Sunday, 12 February 2017

Garden Goldcrest and other visitors

It is not uncommon to hear or see a Goldcrest in or near the garden but it is relatively unusual to see one taking advantage of any of the feeders. A couple of days a ago I noticed a female Goldcrest gleaning food items from the branches below some of the feeders and the following day it was also pecking fragments of fat from the wire mesh of the fat block holder. This morning I noticed it was coming to the fat block and feeding on it fairly regularly so I decided to try and get a few photos.

Goldcrest 12/02/2016

Caught in the act.

In previous years I have occasionally seen the odd one taking food particles that had fallen onto twigs below some of the feeders, also taking small fragments from the base of a sunflower heart feeder and occasionally pecking at the fat blocks but it doesn't happen every winter.

The blunt and rounded tail shape shows this bird is an adult. There doesn't appear to be any orange in the crown so we can be reasonably sure it is a female. Males can keep their orange crown feathers concealed under yellow feathers but you usually get a glimpse of it every now and again, especially if they get a bit agitated. 

It must have found a really good bit up there.
 I make my own fat blocks which contain a very high proportion of dried mealworms and birds certainly seem to know if a fat block is giving them a good nutritional return for their effort. In the past I have experimented when feeding adult Starlings in the early part of the breeding season and the blocks with the higher proportion of mealworms were preferred and attracted more birds despite the fat blocks with the lower mealworm content being almost identical in appearance. It may be trial and error at first but whatever the mechanism they certainly seemed to know which had the better nutritional content.

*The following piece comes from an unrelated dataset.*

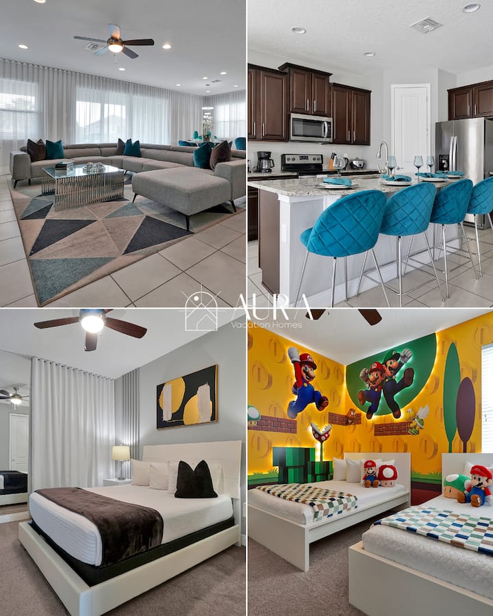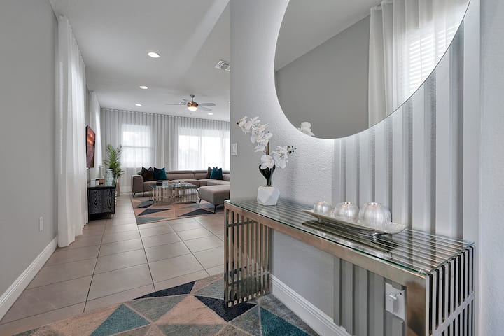 הבית הזה בגודל 2,570 רגל רבוע | 239 מ"ר הוא בית דו-קומתי מושלם למשפחות עם ילדים או לקבוצות המטיילות יחד בבירת החופשות של העולם כדי לבקר בדיסני ובפארקי השעשועים שמסביב.
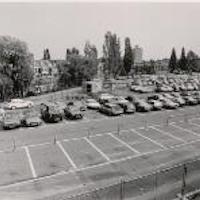 Vanuit een ladderwagen gezicht op de bouwlokatie Varkenmarkt (Nieuwe Markt). 07-04-1986Gezicht op de parkeerplaats met rechts de Blekerssingel. -

The Goldcrest came to the fat block about every 20 minutes and only stayed for about a minute on each visit so I ended up taking quite a few photos of some of the other visitors. And, as I have commented on before, there wasn't a single House Sparrow amongst them.

Adult male Starling.
This male is just about in full breeding condition now that its bill has completed the change from being black to the full breeding colours of blue and yellow. The fine and limited spotting to the long throat feathers and flanks shows this bird is an adult (2CY+). 

Male Pied Wagtail.
Two Pied Wagtails regularly come to feed on scraps below the feeders, this male and a very grey backed female that looks similar to some White Wagtails 

Blue Tit
Tits had a fairly poor breeding season last year and very few have been coming to the feeders this winter

Coal Tit
Like Blue and Great Tits there have been fewer Coal Tits coming to the feeders this winter.

This adult female Chaffinch has badly encrusted legs and feet (either mange or avian papillomavirus) and you can just see part of the left foot. It only uses one leg and holds the other up under the feathers but in all other respects it seems to be quite healthy.

This first-year female has escaped infection, so far at least.
Adult male Blackbird
There have been a lot of Blackbirds around this winter with more visiting the garden than I have ever seen before. It is not uncommon for there to be 10 in the garden at one time and many more must visit over the course of a day.

Female Blackbird

There seemed to be a few more Goldfinches around today with up to 25 in the garden at any one time.

Adult male Siskin and what a stunner.

There was plenty of argy-bargy at the feeders.
A nice selection of birds that brightened up what was a rather grey, cold and windy day.